For today, enjoy these musings on the struggles and joys of being a new mom:
New Moms May Struggle for Control and Competence
The bad news: Out (or in) comes the baby—out flies control and competence!
As a new mom, you will quickly realize that you have lost control and perhaps a sense of competence. In your former life as an English teacher, you knew what you were doing, but with childbirth, your life is flooded with uncertainty.
- That 6 hour epidural-free labor you planned — how about a 33-hour pitocin induction instead?
- That 2-year-old you thought would never scream in the super market? Just hand over the gummy vitamins!
The good news: Being a new mom will humble you — I mean — flat-out-on-the-floor humble.
Being a new mom will literally drive you to your knees, and while you’re down there fetching toys or changing a diaper, you might as well pray: A LOT! You will become, ironically, like a child, clinging to your Abba Father for moment-by-moment mercy.
Being a new mom will literally drive you to your knees—and while you're there, you might as well pray! #momlife #motherhood Share on XNew Moms May Struggle with a Sense of Shame and Failure
THE BAD NEWS: Being a new mom is a daily exercise in not-enoughness.
- When that baby won’t sleep through the night the way What to Expect 21st C. edition promised it would, you might feel that you are flawed.
- When you start shouting because your teething toddler won’t stop screaming, you will know you are flawed!
THE GOOD NEWS: It is good to know you are not-enough. You never were. Christ is enough, more than enough. The freedom and hope of the gospel is that our love and patience and kindness for our children grows as we enjoy God’s love and patience and kindness toward us.
You will grow in your understanding that there is no condemnation for those in Christ Jesus (Romans 8:1), and you will show your child what she most needs to know: in Christ, there is always hope for repentance and forgiveness; we never have to stay in shame or condemnation!
New Moms Don’t Have the Power to Make the Story Go our Way
THE BAD NEWS: Your parenting story, your child’s story, like the six-hour epidural-free labor you hoped for, will not often turn out the way you imagined it.
As you learn ever so quickly, even if you do things just right, there are no guarantees that what you do is going to “work.”
- You nurse every two hours, just as the lactation consultant told you, but your milk still isn’t coming in.
- You teach that 10-month-old-early-walker the word “no,” and you even try to distract her.
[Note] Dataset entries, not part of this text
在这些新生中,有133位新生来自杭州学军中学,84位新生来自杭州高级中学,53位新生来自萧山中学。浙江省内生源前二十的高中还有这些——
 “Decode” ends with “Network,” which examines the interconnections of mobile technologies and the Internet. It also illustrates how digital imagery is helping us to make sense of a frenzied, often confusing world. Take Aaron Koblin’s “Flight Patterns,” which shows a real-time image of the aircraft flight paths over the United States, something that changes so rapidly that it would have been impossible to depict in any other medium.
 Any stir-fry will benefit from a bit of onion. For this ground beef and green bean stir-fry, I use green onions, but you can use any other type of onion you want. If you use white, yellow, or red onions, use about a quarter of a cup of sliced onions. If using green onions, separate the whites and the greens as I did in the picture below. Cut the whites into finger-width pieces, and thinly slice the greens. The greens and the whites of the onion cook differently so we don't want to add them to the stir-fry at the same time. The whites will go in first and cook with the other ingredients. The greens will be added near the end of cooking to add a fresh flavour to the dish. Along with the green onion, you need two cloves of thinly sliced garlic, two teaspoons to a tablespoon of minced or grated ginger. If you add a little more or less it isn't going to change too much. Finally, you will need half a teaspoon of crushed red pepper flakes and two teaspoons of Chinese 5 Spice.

She pauses long enough to shoot you a look you will see again when she is a teenager. Then she goes ahead and climbs on the kitchen chair.
THE GOOD NEWS: God is writing a better story than we could ever imagine. He is redeeming our hearts as we let go of control and competence, as we humble ourselves and depend on Him, as we rest in his more-than-enough love for us!
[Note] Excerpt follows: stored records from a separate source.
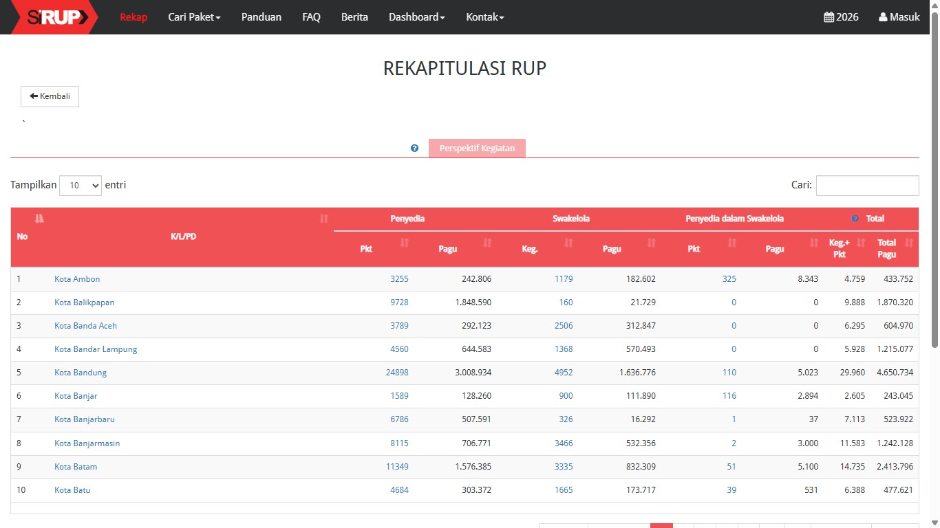Banda Aceh | SNN – Pemerintah Kota Banda Aceh mencatat total rencana pengadaan barang dan jasa (RUP) mencapai Rp604,970 miliar. Data tersebut menunjukkan bahwa skema swakelola menjadi yang paling dominan dari sisi anggaran, meskipun jumlah paket kegiatan lebih banyak melalui penyedia atau pihak ketiga.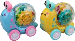 A játék színes csiga formájában, 3 éves kortól ajánlott, nagyszerű szórakozást nyújt a lendkerék mechanizmusnak és a fényhatásoknak köszönhetően. Kompakt méretei (10 x 6,5 x 9,5 cm) miatt minden hátizsákba belefér: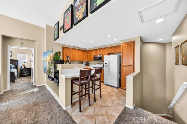 SCRIPPS RANCH GEM NEAR COMMUNITY POOL/SPA WITH VAULTED CEILINGS & ATTACHED GARAGE! Discover this light and bright upper-level unit perfectly situated in a premier Scripps Ranch community. This home impresses from the moment you enter with soaring vaulted ceilings in the living room and an architectural entertainment niche with recessed lighting. The open-concept kitchen features timeless oak cabinetry, newer appliances, and crisp white tile countertops. There is also a quaint balcony offering views of the community where you can sit and enjoy reading your favorite book or sipping your morning tea. Relax in the expansive primary suite, also boasting vaulted ceilings and an en-suite bathroom with a dual-sink vanity. Recent updates include newer neutral carpeting and stylish faux-wood blinds. Enjoy the rare convenience of a 1-car attached garage (housing the washer/dryer) plus an additional assigned parking space. Residents enjoy resort-caliber amenities including a sparkling pool and spa. Located just minutes from top-rated schools, parks, shopping, and easy freeway access. This turnkey beauty is move-in ready and waiting for you!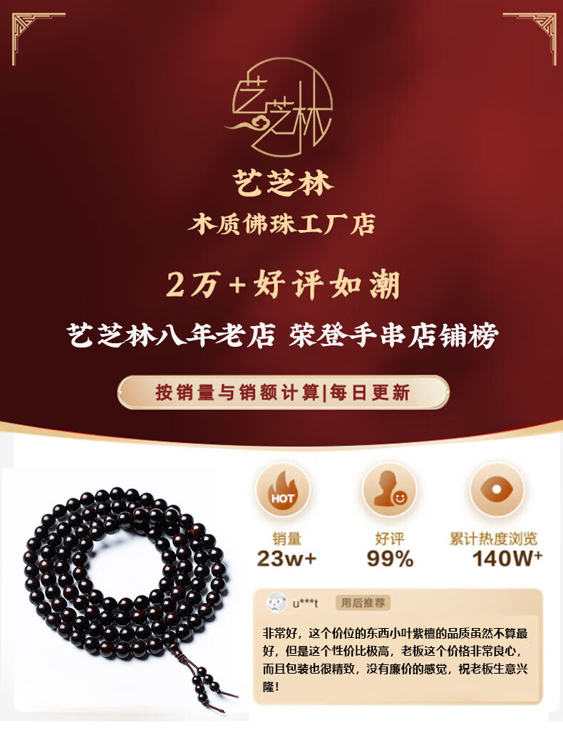 艺芝林正宗小叶紫檀手串108颗佛珠金星老料紫檀原木念珠男女款礼物 金星款8mm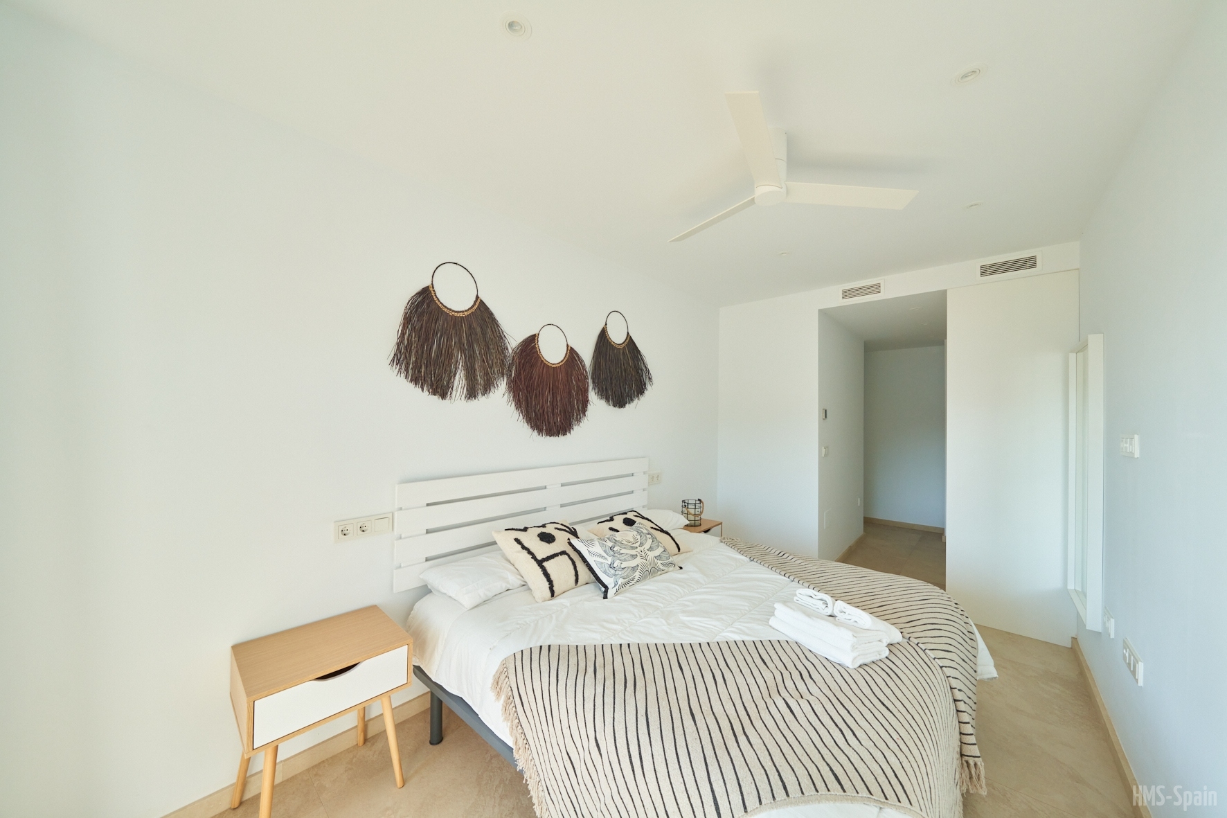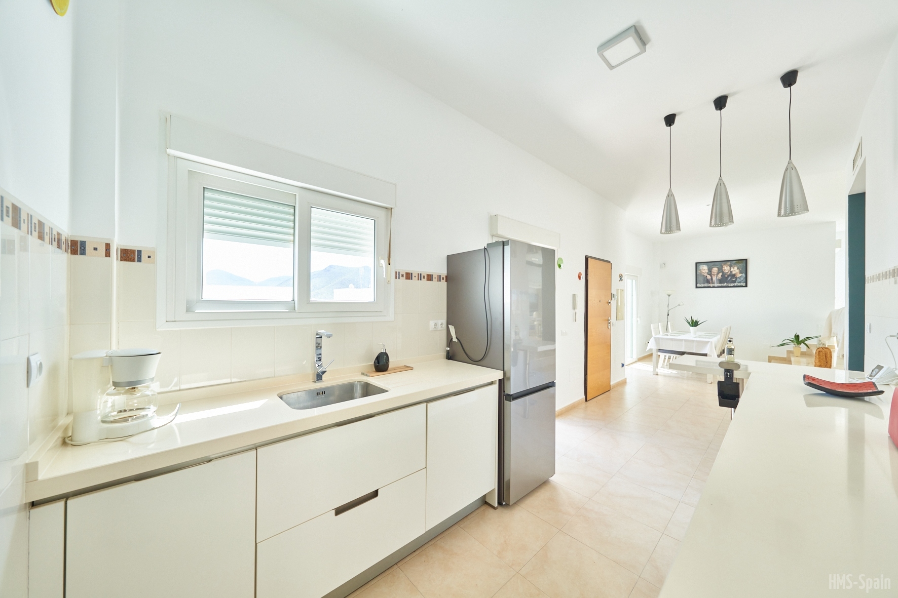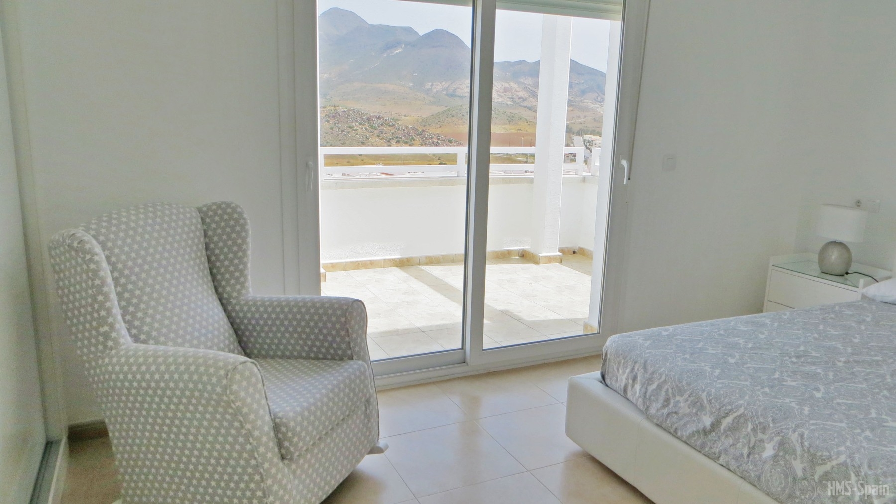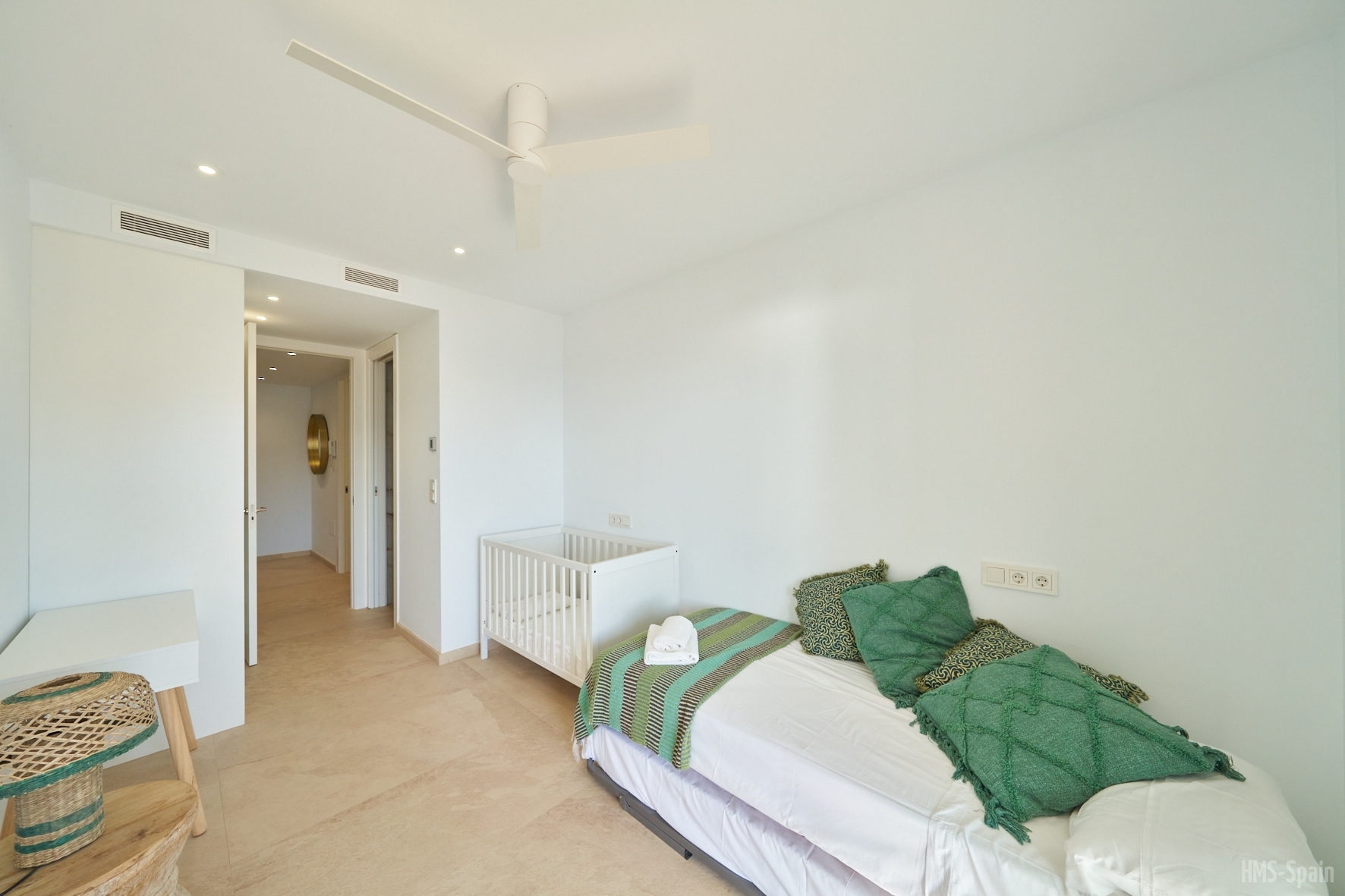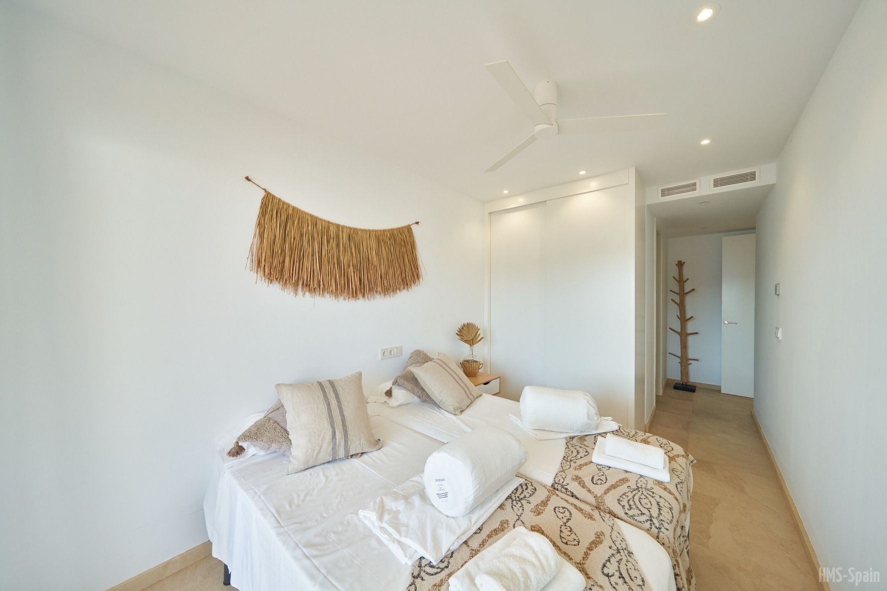 Magnifica vivienda con inmejorables vistas a toda la bahÃa de San José. Dispone de tres dormitorios con baños en Suite, un aseo en la planta principal, cocina totalmente equipada, terraza con muebles de exterior, garaje con capacidad para 3 coches y piscina comunitaria. Ideal para pasar unas fantásticas vacaciones en familia.

From this old mom to all you new moms, take heart. You will likely struggle with some of these heart issues all of your parenting life, but the good news is that God is making all things new, redeeming our hearts and our children’s hearts through the sorrows and the joys.
A Prayer for New Moms
Lord, we bow before you, the only perfect parent. Wrap us, we pray, in your mothering wings, protecting us and nurturing us, even as we seek to nurture these children you have written into our stories. When we think we can’t change one more dirty diaper today or deal with one more toddler tantrum, give us the strength to endure, and the compassion to love. When we feel like complete failures because our kids are disobeying or not working the plan we had written for the day, help us to know your delight in us and our children. As we try to meet our children’s needs, help us to come to you as your children, knowing that you have called all who are weary and heavy-laden. In Jesus’ name we pray. Amen.